The company generates its income mainly from chartering out drilling rigs to customers for exploration, development and production activities. Velesto currently owns and operates six drilling rigs. The amount of profits it can generate will largely depend on the (1) utilisation rate and (2) daily charter rate (DCR) of its rigs.

Rigs chartering was once a lucrative business, before the oil price crashed in 2014. Average DCR was US$151,000 per day in FYEDec2014 while the utilisation rate was as high as 95% in that year. The dive in oil price caused a signification slowdown in exploration and development activities, which resulted in an oversupply of drilling rigs. Consequently, average DCR dropped for three consecutive years before stabilising at around US$70,000 since 2017 (see Chart 1).

In tandem with the lower DCR, the company’s revenue dropped from RM1.01 billion in 2014 to an average of RM594 million between 2017 and 2020 — despite having an additional drilling rig, which was completed in January 2015. Nevertheless, the company’s adjusted earnings before interest, taxes, depreciation, and amortisation (Ebitda) margin (excluding impairments) has recovered to above 40% since 2018, in line with the higher utilisation rate (see Chart 2).

Despite achieving higher adjusted Ebitda margins, the company only reported profits once between 2015 and 2020. During the period, the company recorded a total net loss of RM3.2 billion, predominantly due to huge impairment provisions and high depreciation costs, which amounted to RM2.6 billion and RM1.4 billion respectively (see Chart 3).

However, the impairments and depreciation charges are non-cash expenses. In effect, the company was actually generating positive free cash flow since 2017 despite the headline losses. Positive cash flows coupled with proceeds from right issues lowered net debt from the peak of RM3.2 billion to RM0.7 billion by the end of 2020 (see Chart 4). In other words, its balance sheet was being gradually strengthened.

In May 2021, one of the company’s rigs, Naga 7, tilted and submerged during preparation for drilling activities offshore Sarawak. Fortunately, all 101 personnel on board were safe and there was no other severe consequence as the drilling activities had not started Due to the incident, the company wrote off RM461 million of assets but recognised insurance claims of RM552 million. Therefore, while the incident caused the loss of an income-generating asset in the long run, the company’s balance sheet actually improved in the aftermath. Upon receiving the compensation, Velesto’s net debt can be further lowered to less than RM300 million, resulting in net gearing of around 0.1x.

Moving forward, we think demand for drilling rigs will improve on the back of the current rally in oil prices and postponement of activities during the pandemic. Case in point, the number of jack-up rigs chartered in Southeast Asia is already showing improvement y-o-y since July 2021 (see Chart 5). Hence, we expect the utilisation rates of Velesto’s drilling rigs improving, moving forward.
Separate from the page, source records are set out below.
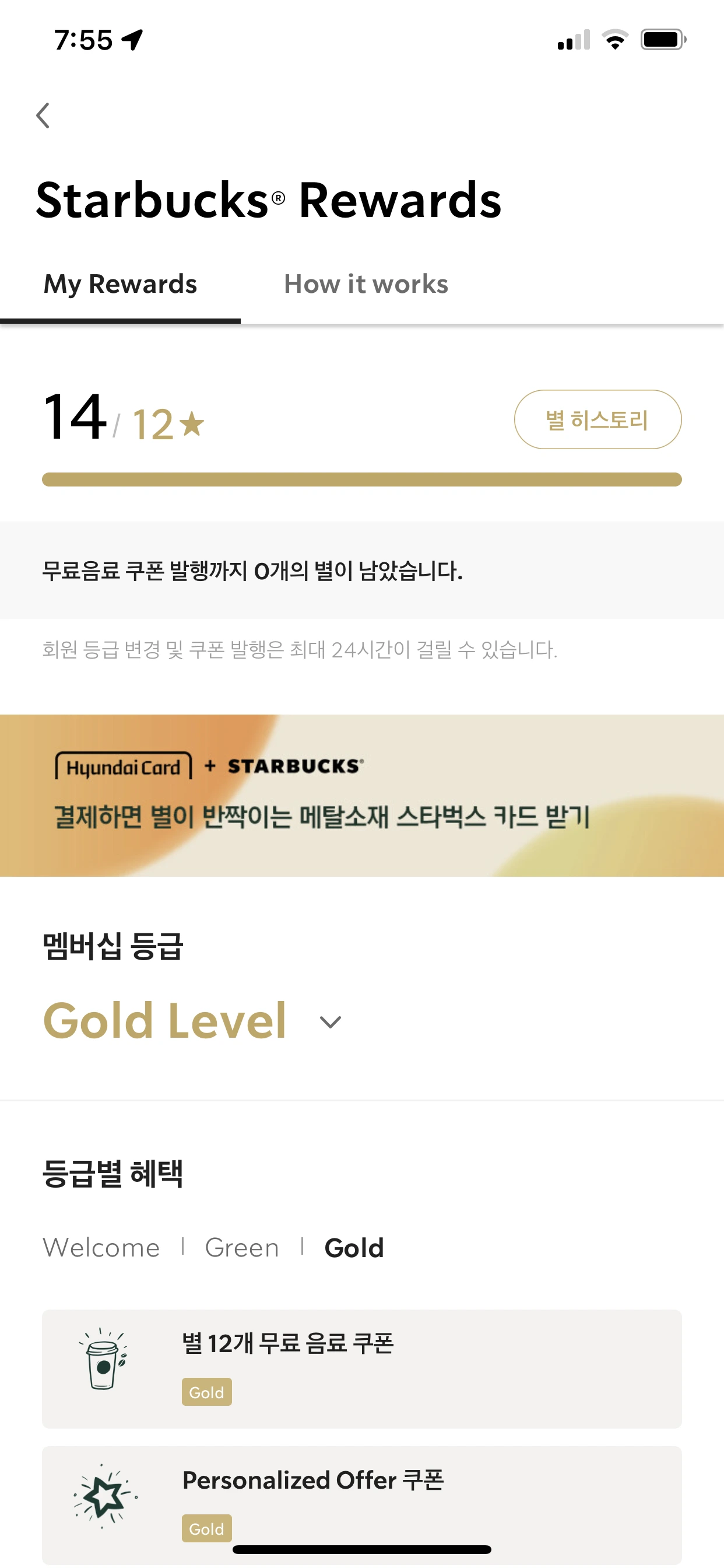 어제부로 스타벅스는 400원이 올랐다. 그리고 배려를 해주는 것 마냥 텀블러 할인도 400원으로 너무 많이 100원이나 상승해줬으며, 별 적립 이벤트까지 있어서 머리만 잘 쓰면 최대 4개까지 적립을 해준다. 그래서 나도 어제오늘 별을 잔뜩 모았다.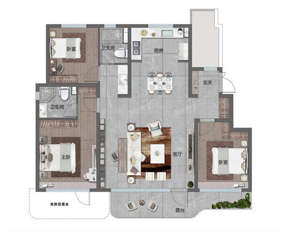 客厅和次卧之间的隔墙可拆,打通后实现约7.45米IMAX尺度超幕宽厅,搭配南侧270度超大尺寸观景露台,成就一种独栋别墅才具有的“府邸”居住感受。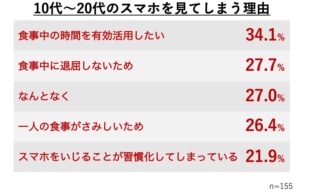 また、「スマホ見ながら飯」をしたことがある10〜20代に対して理由を聞くと、約4人に1人が「一人の食事がさみしい」、約5人に1人が「スマホをいじることが習慣化してしまっている」と回答。また34.1%が「食事中の時間を有効活用したい」と答えました。10〜20代は食事の時間にもスマホが手放せなくなっていると考えられます。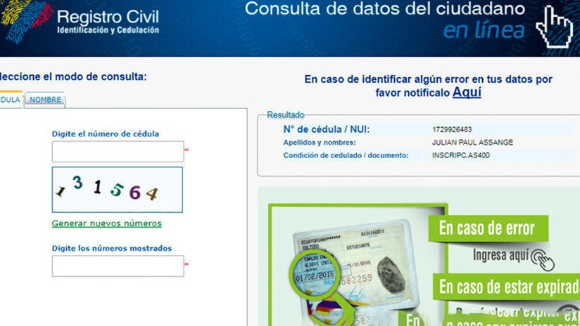 Este miércoles 10 de enero se dio a conocer que al activista y fundador de WikiLeaks, Julian Assange, le fue otorgada una cédula ecuatoriana, cuestión que ya ha sido confirmada por la Cancillería de Ecuador.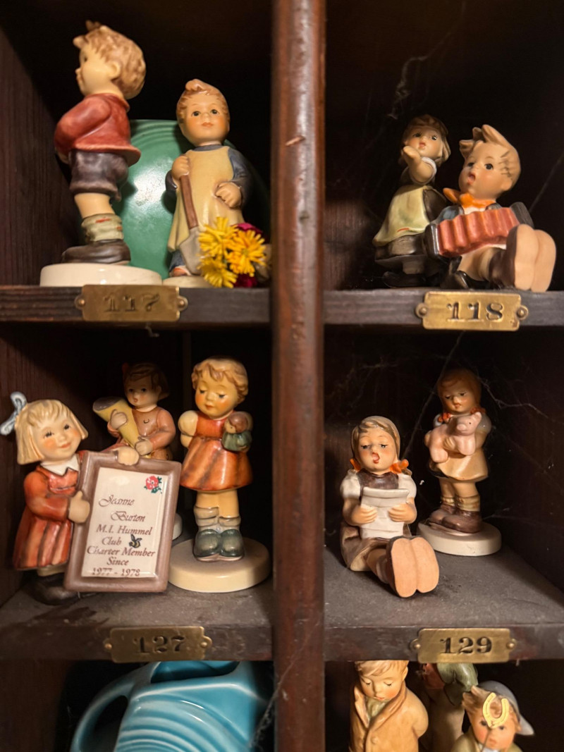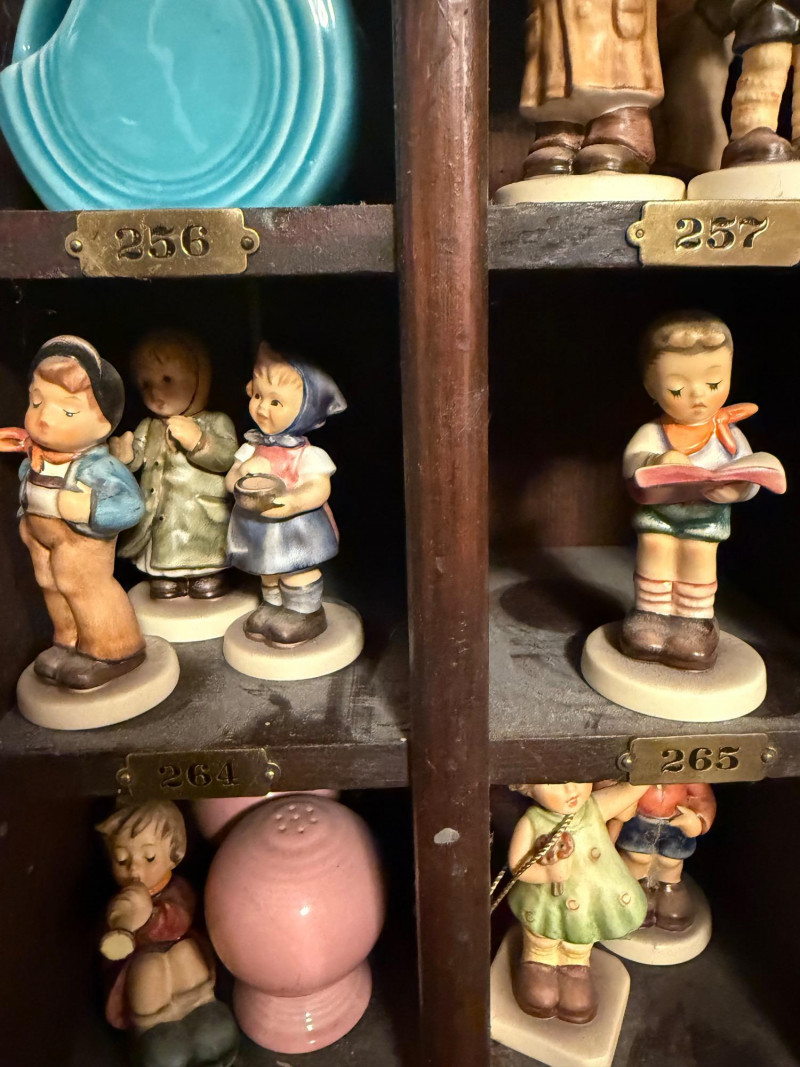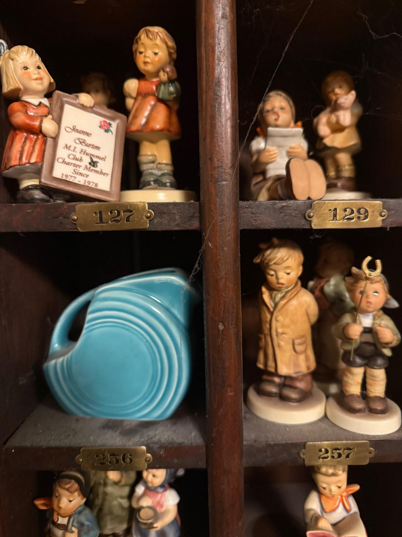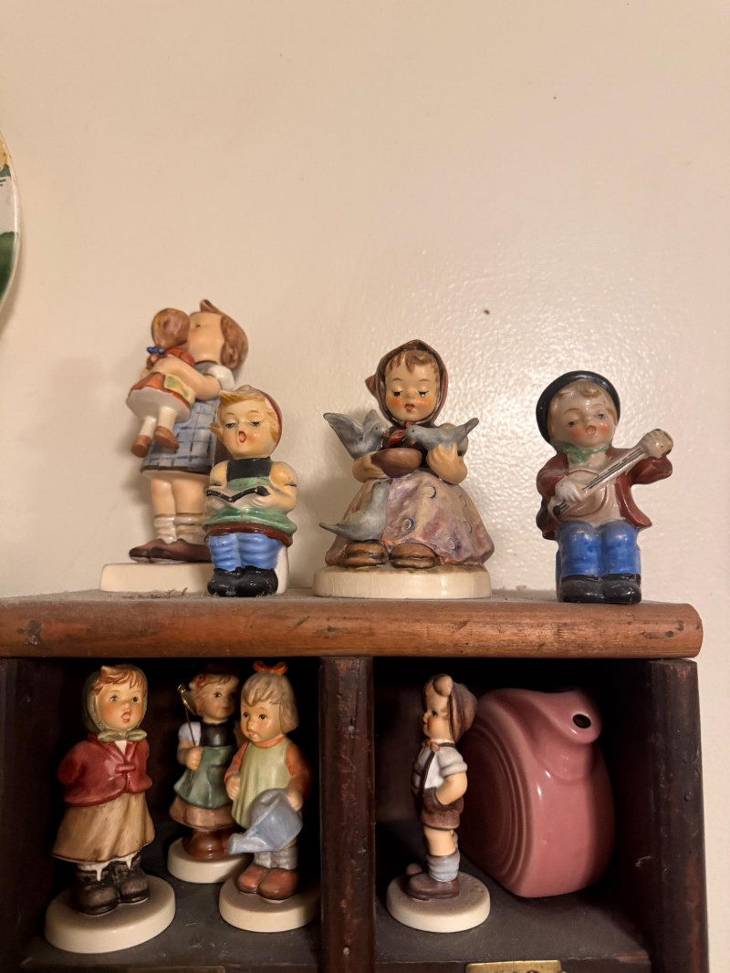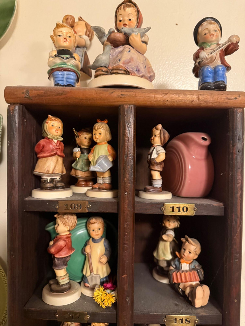 Vintage German Figurines in Functional Display Case A wood wall display cabinet containing a variety of Hummel figurines (3" to 5" tall) and assorted collectibles. The figurines are classic hand-painted German pieces, known for their nostalgic depictions of children and pastoral life. The cabinet provides functional storage and presentation, making this lot suitable for collectors, resellers, or anyone seeking to add vintage charm to their décor.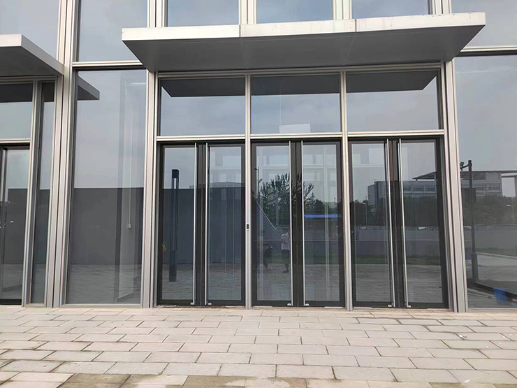 我公司承建該項(xiàng)目64樘鋼制隱框地彈門,產(chǎn)品采用我公司專利研發(fā)隱框技術(shù),門體采用鋼制框架,使用彩釉玻璃外置安裝方式隱去門框,使得門與玻璃幕墻融為一體,兼具建筑美學(xué)效果,塑造出高層工業(yè)廠房純凈簡(jiǎn)潔、輕盈通透的外觀形象,突破人們對(duì)傳統(tǒng)工業(yè)廠房形象的認(rèn)知,搭配數(shù)字樓宇、智能化設(shè)施以服務(wù)企業(yè)員工,為大家提供更加賞心悅目、更加舒適的辦公空間。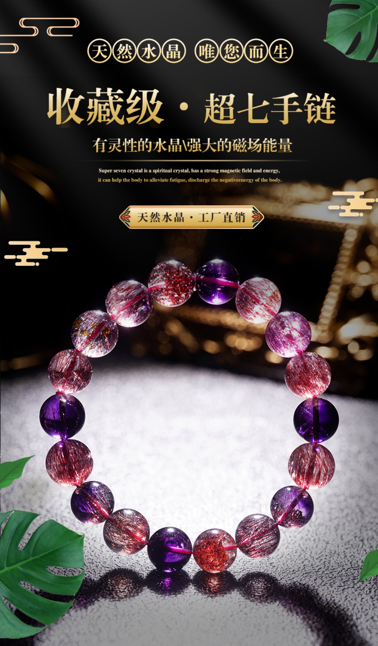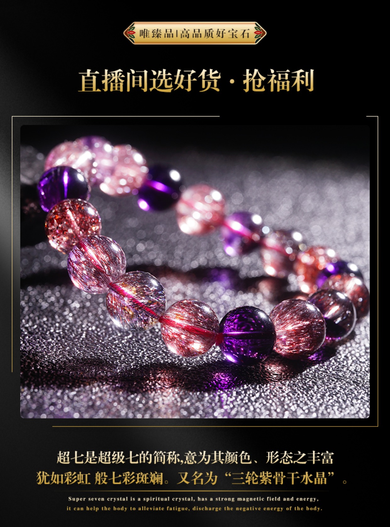 Weizhenpin Collection Grade Colorful Blackcurrant Super Seven Bracelet Purple Red Yellow Super Gold Strawberry Fireworks Super Backbone Crystal Bracelet

The company’s data showed that average DCR in 2Q21 had recovered to US$76,000, above the pre-pandemic average of US$70,000 (see Chart 1). Subdued DCR over the years has discouraged investments in new rigs. As a result, total supply of jack-up rigs has been on the decline since 2014 (see Chart 5). Recovery in demand amid contracting supply bodes well for potential hike in DCR moving forward.

On top of that, Velesto is currently trading at 47% discount to its average share price of RM0.30 in 2019. Meanwhile, valuation in terms of P/B ratio is also hovering around the lower end of its historical range (see Chart 6). In a nutshell, improved outlook, coupled with stronger balance sheet and undemanding valuations, provide an attractive risk-reward ratio for investors. Hence, we rate Velesto a “buy”.